I wrote this script that downloads an RSS feed and converts it to HTML. One of my only concerns is my variable naming because I suck at naming things.
# -*- coding: utf-8 -*-
"""Simple RSS to HTML converter."""
__version__ = "0.0.2"
__author__ = "Ricky L Wilson"
from bs4 import BeautifulSoup
from feedparser import parse as parse_feed
TEMPLATE = u"""
<h2 class='title'>{title}</h2>
<a class='link' href='{link}'>{title}</a>
<span class='description'>{summary}</span>
"""
def entry_to_html(**kwargs):
"""Formats feedparser entry."""
return TEMPLATE.format(**kwargs).encode('utf-8')
def convert_feed(url):
"""Main loop."""
html_fragments = [entry_to_html(**entry) for entry in parse_feed(url).entries]
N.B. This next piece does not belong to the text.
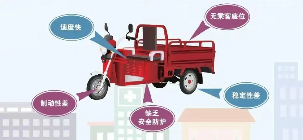 2.制動系統“超負荷”,突發情況難應對。三輪車的制動系統承載力有限,違法載人后整車重量翻倍,剎車距離會大幅延長。當遇到行人橫穿馬路、車輛突發變道等緊急情況時,駕駛員根本無法及時制動,很容易引發追尾、碰撞事故。更危險的是,三輪車沒有安全帶、安全氣囊等防護裝置,一旦發生碰撞,駕乘人員直接暴露在撞擊力下,傷亡風險直線上升。

return BeautifulSoup("\n".join(html_fragments), 'lxml').prettify()
def save_file(url, filename):
"""Saves data to disc."""
with open(filename, 'w') as file_object:
file_object.write(convert_feed(url).encode('utf-8'))
if __name__ == '__main__':
save_file('http://stackoverflow.com/feeds', 'index.html')
with open('index.html') as fobj:
print fobj.read()
2 Answers 2
About the generated HTML
Each feed item should become an article
. This would also allow you to include the generated HTML on any page without having to adjust the heading levels. Unless you know that h2
would always be the correct heading element in your case, you might want to use h1
instead.
You could give the a
element the bookmark
link type.
Unless you remove markup from the feed item’s description, you might want to use a div
instead of a span
, because a span
can’t contain many elements that might appear in the description.
You could specify a class on the article
element, and omit the classes on its child elements. Less potential to conflict with classes that might already be used in the document.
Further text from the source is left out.